My addiction is news, and I used to be proud of it. Or at least I thought it was stylish and smart. Not any more. I need help to beat this thing.
It seemed to make sense for a journalist. Our job was to be informed so we could help inform others. Thus the more news we could ingest the better. We admitted with a bit of self-deprecation--but actually puffed up inside--that we were news junkies. We even used the word "junkies."
The first rule of the evening paper's city editor: Before coming to work we should read the whole morning paper, or else. Second rule: We should be sure to read all of our own paper by the end of the day.
Later, catching the IRT for work at the AP in New York, I knew I'd do better work if I'd thoroughly read the Times, and maybe also the Herald Tribune and one or two others. If, kapow, I had to go interview the prime minister of Malaya, I'd know who that was, and where it was.
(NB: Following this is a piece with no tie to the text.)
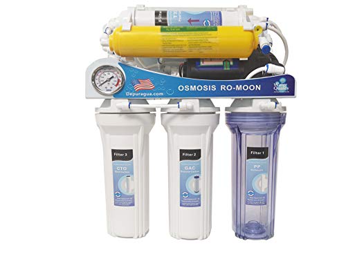 Depuragua Impianto Osmosi inversa Moon 75GPD 6 Fasi. Pompa manometro, remineralizador, Rubinetto Lux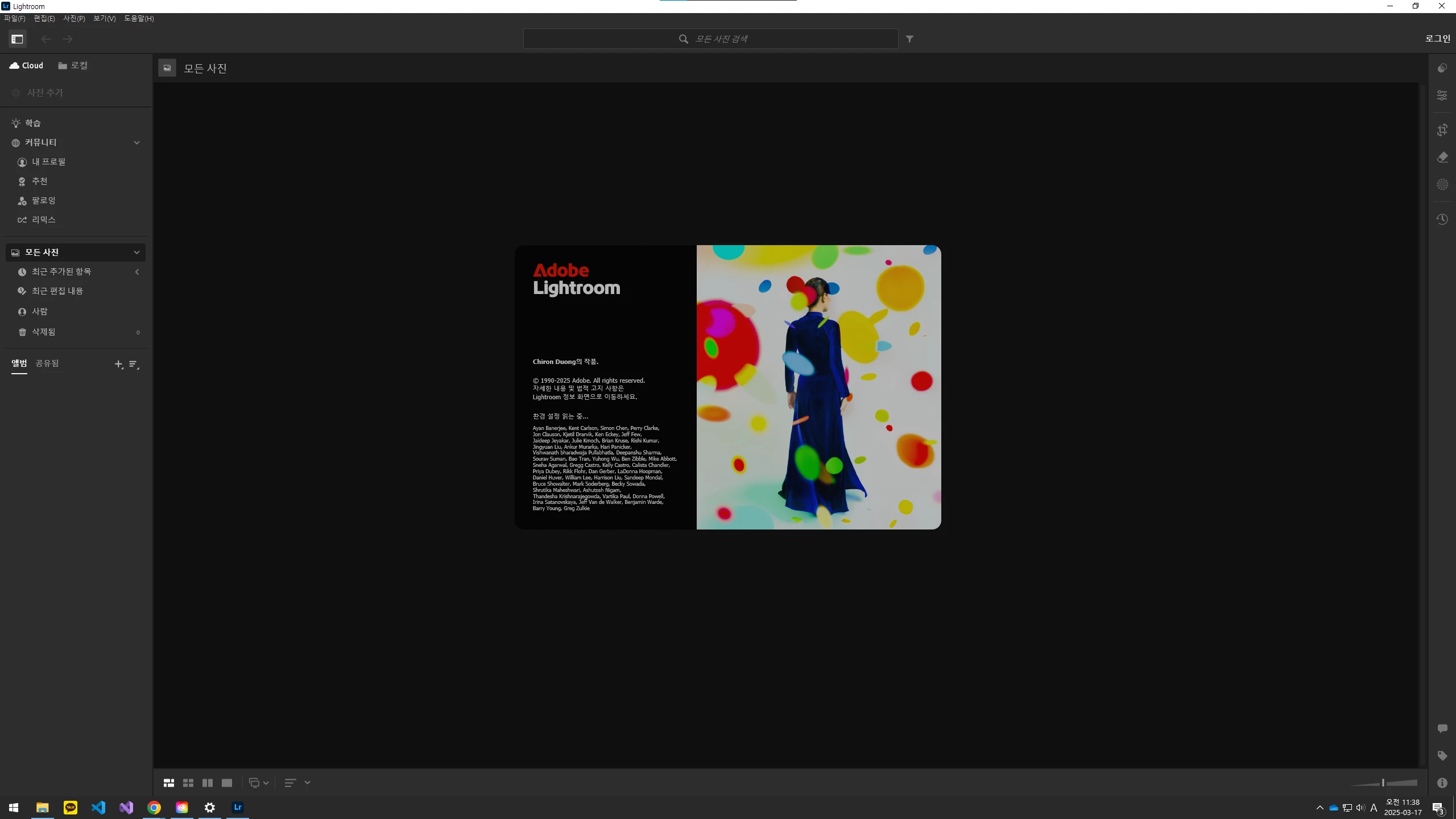 윈도우에서 라이트룸 설치 후 실행 했을 때, 아래 사진과 같이 초기 화면만 잠시 보이고 바로 꺼지는 현상이 있습니다.

Now, of course, many journalists do read three or four papers a day--I mean papers that have news. And they watch TV news.
Tells you what some of the customers out there are seeing. Gives you some news in a nutshell. Some of it is very good, not usually as good as the journalists presenting it, but good, and admirably paced: alert, quick. (Of course, if that's all you know, you don't know much.)
Tonight I will hover over the cable news channels, awaiting the primary returns from... Delaware. I will jump channels every minute or so, and back again, but I'll be sticking to the hot cable channels.
Gotta see the bullet news, and get the skinny from those smart guys Matthews, O'Reilly, Hannity, Colmes, Geraldo, Hume and Russert, the purveyors of news hype and staccato feelings and impressions.
I'll watch. I can't help it. I'll do it again next week when South Carolina takes center stage. I'll be there, clicking.
Will I learn anything? No.
But yes, I'll see how our bizarre brew of faux journalism with candidates, spinmeisters, expectations, former expectations, reliable observers, occasionally reliable observers, formerly reliable observers, media consultants, campaign contributors, hype, anti-hype hype and the bit players called voters...I'll see how all of that's playing out. And I'll think it's real. And it may be.
Help me before I watch again.
An intervention. If you can just sit me down, make me get into the 28-day treatment, deprive me of the fermented pizzazz, limit my diet to actual events, allow me to consume only real news until my metabolism adjusts.
My brain will not be constantly befuddled. I will see more clearly.
We'll have to stick together on this, mutually supportive, like Friends of Bill.
Are you a friend of Geraldo's? Give me a call when you're tempted, and we'll talk. I can run by your place any time. I'll drop off a pot of real news.